Our associate, Anand Kumar discusses “Intellectual Property: Tagging Liability In Using Third Parties’ Marks As Keywords And Metatags:“

With the advent of the Internet era, the cyberspace has become a vital part of life, so much so, that our daily lives, whether personal, social or professional, are conducted through the Internet. In fact, to meet the consumer demands in the virtual world, businesses worldwide, have also made a parallel shift. For businesses to remain relevant in the minds of consumers, tools of advertisement and marketing through the Internet, have become extremely relevant.

In the past decade or so, online advertising has become the most convenient method for businesses to advertise and market their products and services. Of course, the Internet’s ability to locate, engage and target customers is unmatchable. In this direction, Keyword advertising, such as, Google Ads[1] and Meta-Tags, Hyper- Linking, Deep- Linking, etc. are some of the significant virtual tools that a lot of companies have been using to expand their Internet presence and attract customers towards their websites. Search advertising is uniquely valuable to advertisers because it puts an advertisement in front of a consumer at the precise moment the consumer is signalling his/her interest or intent by telling the search engine what he/she is seeking: it is literally the right ad, for the right user, at the right time.

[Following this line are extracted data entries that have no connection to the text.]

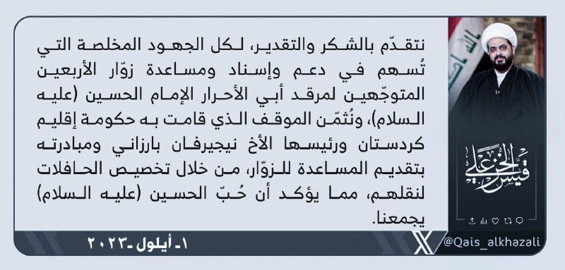 المزيدتقدم الأمين العام لحركة عصائب أهل الحق ، سماحة الشيخ قيس الخزعلي ، اليوم الجمعة ، بالشكر و التقدير لجميع الجهود المخلصة التي ساهمت في دعم و أسناد زوار الأربعين المتوجهين المتوجهين الى كربلاء...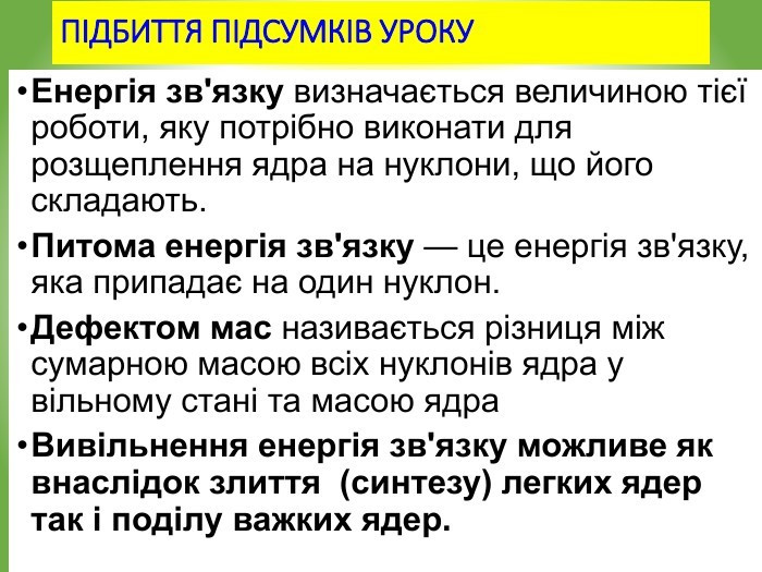 • Маса ядра атома є меншою, ніж сума мас нуклонів у його складі. Зазначену різницю називають дефектом мас Am. Дефект мас визначає енергію зв’язку: Езв = Δmс2.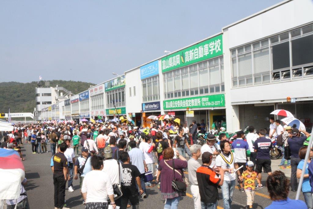この日はバイクの人気レース「MFJスーパーバイク全日本ロードレース選手権」が行われ、大勢の観戦客で賑わっていた。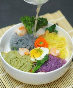 Mỳ gạo ngũ sắc (mỳ rau củ) Xuân Trường là mỳ được đặt riêng, tạo ra từ sự kết hợp từ gạo Bao Thai đặc sản, thơm ngon nguyên chất với các loại lá, củ, quả như gấc, mè đen, chùm ngây, gạo lứt, nghệ. Tôi, tráng 2 lần nước, phơi 2 lần nắng, nấu bằng củi, hoàn toàn thủ công. Nói không với mỳ công nghiệp.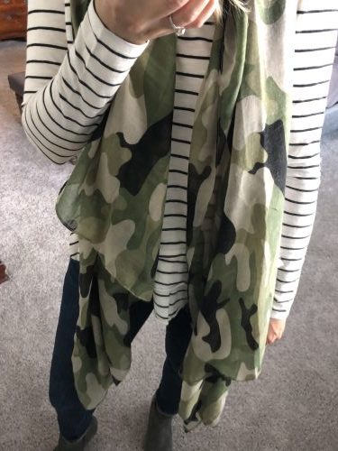 The camo trend is in full affect! If you’re like me and don’t want to go crazy with the print then this scarf is perfect for you. It’s lightweight, nice mix of neutrals and it’s under $9! It’s an easy way to wear a trend and not over do it.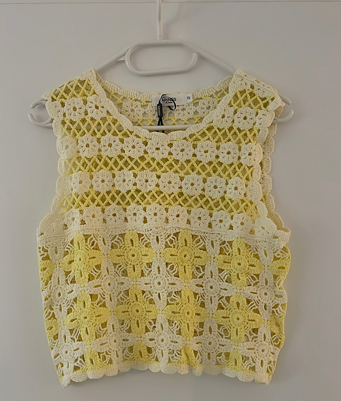 Verspieltes gehäkeltes Crop-Top im Retro-Stil mit floralem Muster. Das luftige Baumwollmischgarn sorgt für ein angenehmes Tragegefühl – perfekt für Sommer, Festivals oder als Layer über Tops und Kleider.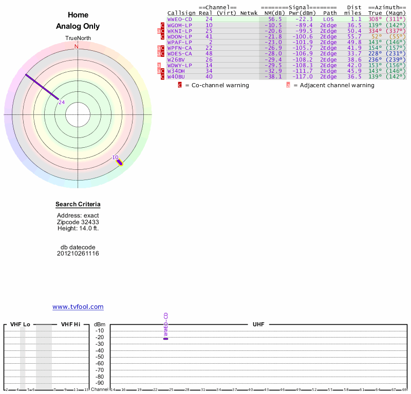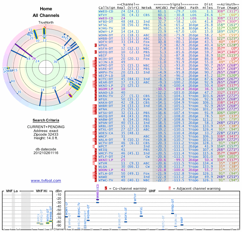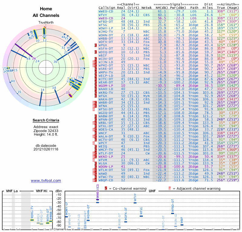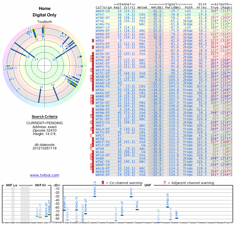 Here are the results for your location. The transmitter database was last updated on June 7, 2013. For more information about these plots and how to interpret them, please check out the Signal Analysis FAQ.

Keywords are used in programs such as Google’s Ads program, where advertisers are allowed to buy certain search terms, giving them the right to a “sponsored link” – in other words, when someone searches that keyword, Google not only provides links to the relevant sites, but also provides direct links to the “sponsoring” advertisers.[2] Metatags, on the other hand, are an element of the HTML that describe the contents of a Web page, placed near the beginning of page’s source code, and used by search engines to index pages by subject.[3] In other words, metatags are non-visible text inserted into the “head” section of HTML [HTML coding is used to construct a website] or XHTML web pages, typically to describe the content of a page, and are used by certain search engines to determine if the page is relevant to a search term. These metatags control the behaviour of search engine crawling and indexing.

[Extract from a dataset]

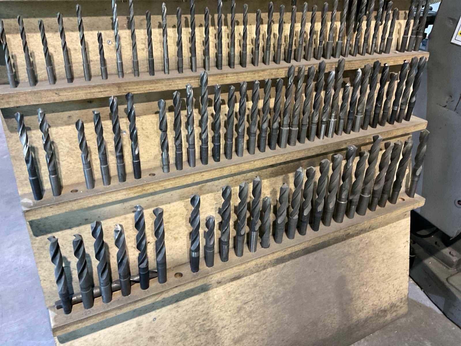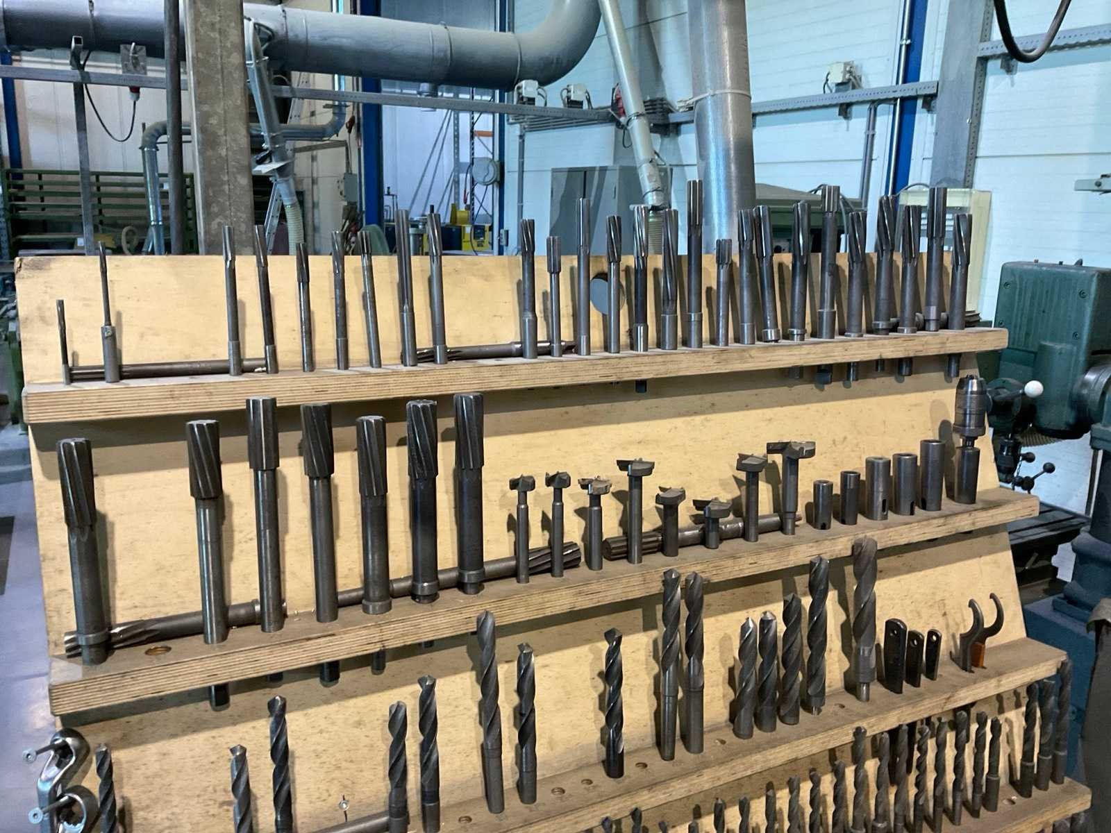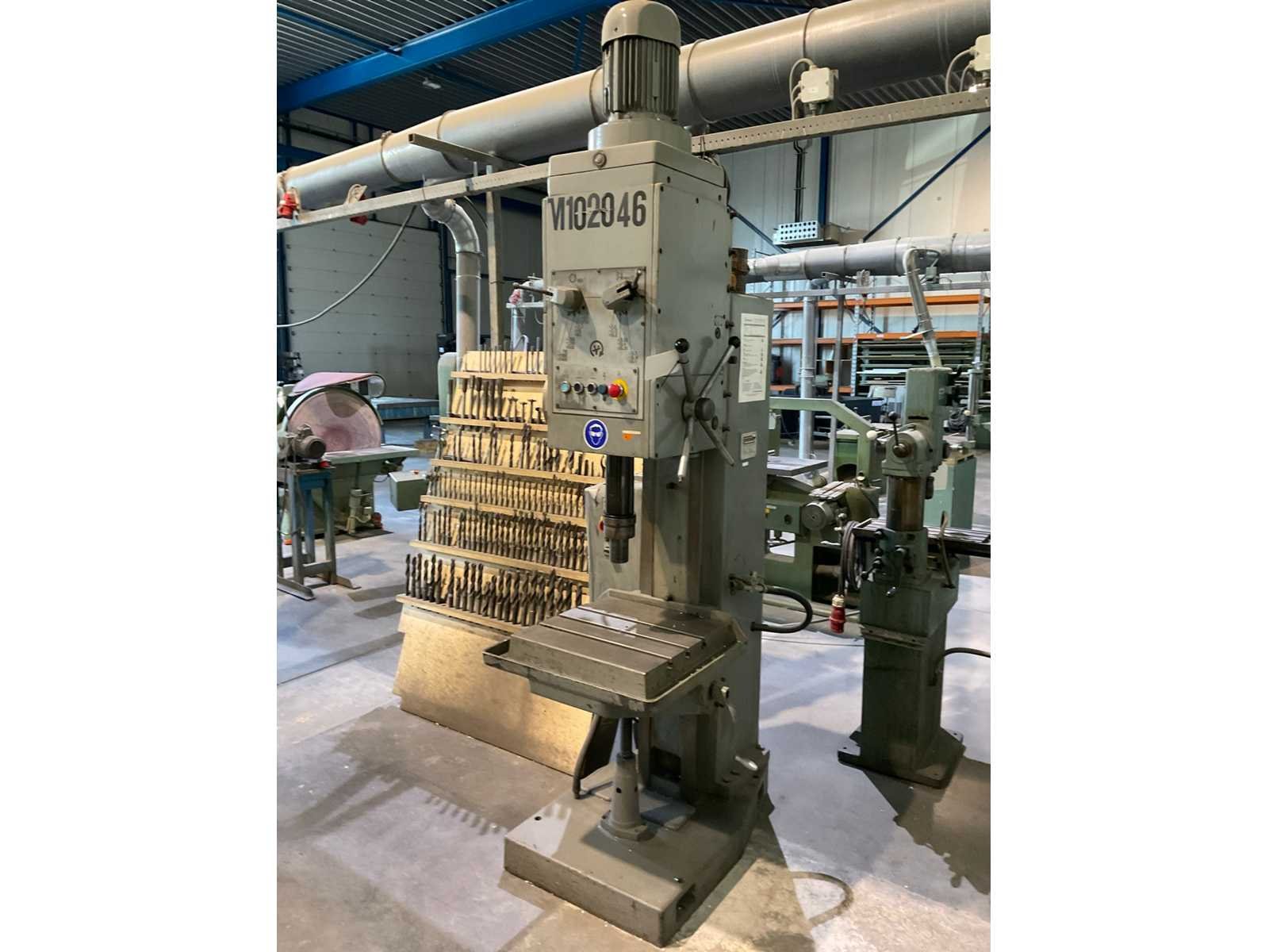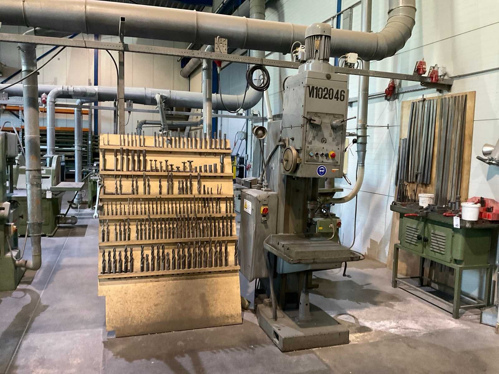 Inclusief: (1x) houten stellage met boren in diverse soorten en maten. Merk: Premack Type: 2H135 Bouwjaar: 1993 Serienummer: 123264 Boorcapaciteit: 35mm Aantal snelheden: 12 Spindelsnelheid van n =: 31.5rpm Spindelsnelheid tot n =: 1400rpm Boordiepte: 250mm Uitlading: 300mm Opname mc: 4 Tafel afmeting l: 500mm Tafel afmeting b: 500mm Aansluiting: 400V Afmeting l: 800mm Afmeting b: 1000mm Afmeting h: 2700mm

Dispute Surrounding Use of Third Parties’ Marks As Keywords/Metatags:

While it is not illegal for businesses to use generic terms to expand their online presence through the above-noted tools, it is illegal/objectionable to use third parties’ trademarks as keywords/ metatags in the pursuit of higher search engine ranking or a large online customer base. However, courts around the world, are divided on this aspect. While courts in some countries view such use as illegal, courts in other countries have held that use of a mark as keywords/metatags does not amount to “use” as a trade mark and/or falls in the category of “fair use”.

In India, courts have been more inclined towards protection of rights of trademark owners against advertisers using the third parties’ marks as part of keywords and/or metatags.

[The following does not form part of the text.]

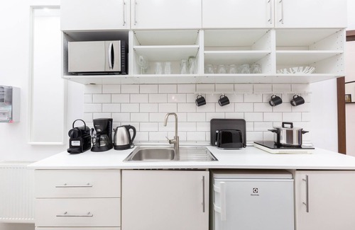 Enjoy the free breakfast of toast, cheese, butter and jam, milk, coffee, tea and cereal. Our kitchen is fully equipped (dishwasher, mini oven, electric kettle, toaster, coffee machine, fridge, cooking panel, pans, cutlery, etc.)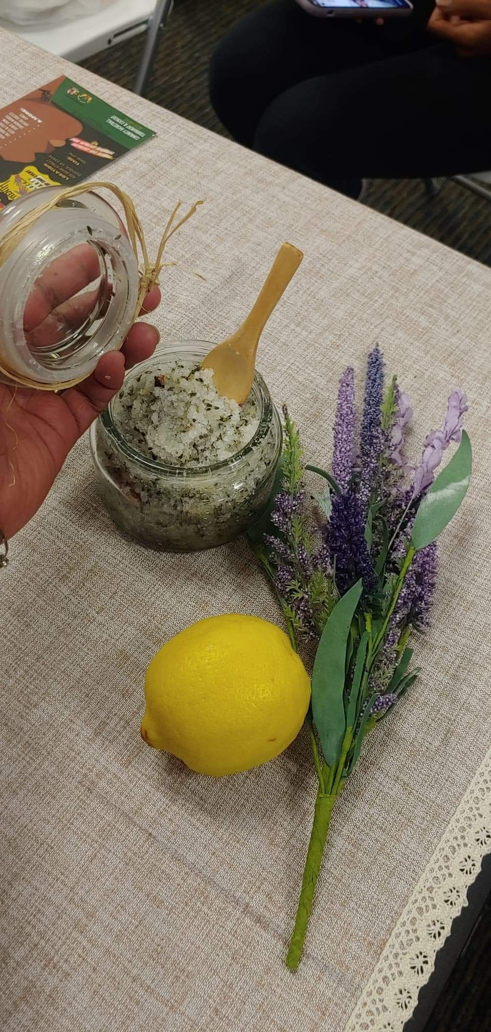 Made with Epsom Salt Dead Sea Salt. Fresh Lavender/Lemon zest blend Vitamin E and Coconut Oil.

For instance, in M/s DRS Logistics(P) Ltd & Anr. v/s Google India Pvt. Ltd & Ors. CS(COMM) 1/2017, the Delhi High Court held that the Indian trademarks law make it clear that infringement of a trade mark can be by way of spoken use of mark, which is different from printed or visual representation of the mark. In fact, invisible use of a mark i.e., as a metatag, will also amount to use of the mark as a trademark.

In so far as the position regarding use of a mark as a “Keyword” in the Google’s AdWord program/ similar programs is concerned, the court held that both keywords and metatags are used to show relevancy and appear on top of search engine results, causing diversion of traffic from one website to other. Thus, use of a mark as a keyword also amounts to “Use” under the Indian trade marks law. Moreover, a keyword is visible part of advertising.

Further, in the landmark case of Kapil Wadhwa v. Samsung Electronics Co. Ltd. [194 (2012) DLT 23], a Division Bench of the Delhi High Court upheld the Single Judge Bench’s decision which held that use of third-party marks as a metatag is illegal as it enables the defendant to ride on the reputation of the plaintiff.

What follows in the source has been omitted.